Перейти на страницу:

Антон Крайний говорит об оскудении литературы современности, о «падении человеческой талантливости».

Кроме еще нескольких столь же интересных статей, есть в «Числах» обширный библиографический отдел. И в статьях, и в кратких рецензиях – один подход к литературным произведениям, один критерий, упомянутый Антоном Крайним: «поиски человеческой талантливости».

«Числа» дают огромный материал, и этот материал настолько ценен, настолько своевременен, что с болью читаешь на обратной стороне заголовного листа: «настоящий сборник набран и отпечатан в мае тысяча девятьсот тридцать третьего года в типографии Паскаль в количестве шестисот экземпляров на бумаге альфа». Уже шестисот, – тогда как первый номер вышел в количестве более чем тысяча.

Еще раз констатируешь факт: люди не покупают нынче книг.

Памяти Андрея Белого

Россия (не С С С Р, и даже не эмиграция, а вечная Россия русского мессианского сознания) пережила недавно невозместимую потерю. В СССР., видимо, от лишений и недоедания, на пятьдесят четвертом году жизни умер Андрей Белый.

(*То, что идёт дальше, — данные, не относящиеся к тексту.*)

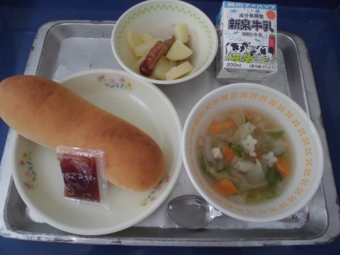今日のスープには、きぬさや、新玉ねぎが入って優しいあまさのスープでした。星形のお米でできたマカロニも入っていて、子どもたちもうれしそうに食べていましたよ。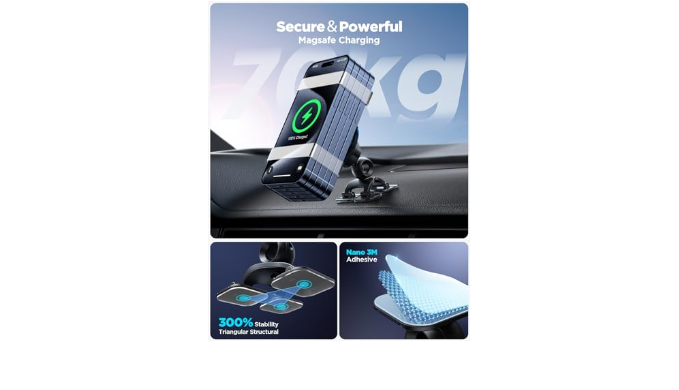 【15W Fast Magnetic Charging】The MagSafe car mount charger for iPhone features smart thermal management and large coils, allowing you to charge faster than standard wireless chargers. Just place your Phone against the magnet car mount, and it will automatically lock with the charging coil for up to 15W magnetic fast charging, making charging more stable,Protect Your iPhone\\\'s Battery Health.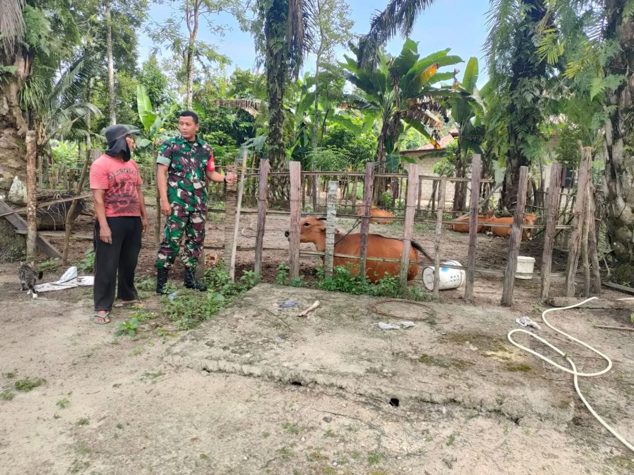 Sebagai langkah antisipasi penyebaran wabah Penyakit Mulut dan Kuku (PMK) pada hewan ternak Anggota Koramil 02/Kuantan Tengah Serda Marizal,As terus melaksanakan pemantauan, Pengecekan Kesehatan hewan ternak, dan sosialisasi terhadap pemilik ternak warga di Desa Teratak Air Hitam Kec. Sentajo Raya Kab. Kuansing, Senin (04/08/2025).

Нельзя даже приближенно передать, что Россия потеряла с этою смертью… Пройдет время. Имя Белого и весь его облик – в буквальном смысле пророческий – будут всё далее уходить от нас в вечность, над тайной которой Белый столько бился, и по мере этого увеличиваться. Лет через пятнадцать Белый обрастет огромной литературой, которая воздаст ему должное и возведет, по крайней мере, к Гоголю и Достоевскому. В этом не может быть никаких сомнений!.. Белый своею мыслью озарил и оплодотворил десятки, если не сотни, писателей. Его мысль всю его жизнь не уставала работать в самых разнообразных областях, для него не было ничего мертвого и неинтересного. Как художник он создал ряд романов, среди которых «Петербург» – несомненно, величайший после романов Толстого и Достоевского. Как поэта его также без малейшей натяжки можно возвести до самых вершин русской поэзии. Как критик и как философ он не менее замечателен. От него пошли современные критики-формалисты, футуризм много попользовался Белым, символизм в его лице имел самого блестящего теоретика. Как от кремня, от Белого во всех направлениях летели искры. Эти искры разбросаны по его многочисленным писаниям. «Имеющие уши» подхватывали эти искры и лелеяли, и долго еще будут подхватывать и лелеять.

Сейчас – ужасно даже подумать, ужасно сопоставить тот гигантский облик, до которого разрастется Белый, хотя бы через десять лет, с мыслью о том, что ведь Андрей Белый в начале января 1934-го года умер, и умер от тяжелых условий жизни, вероятно, в нетопленой московской комнате, питаясь хлебом и водой.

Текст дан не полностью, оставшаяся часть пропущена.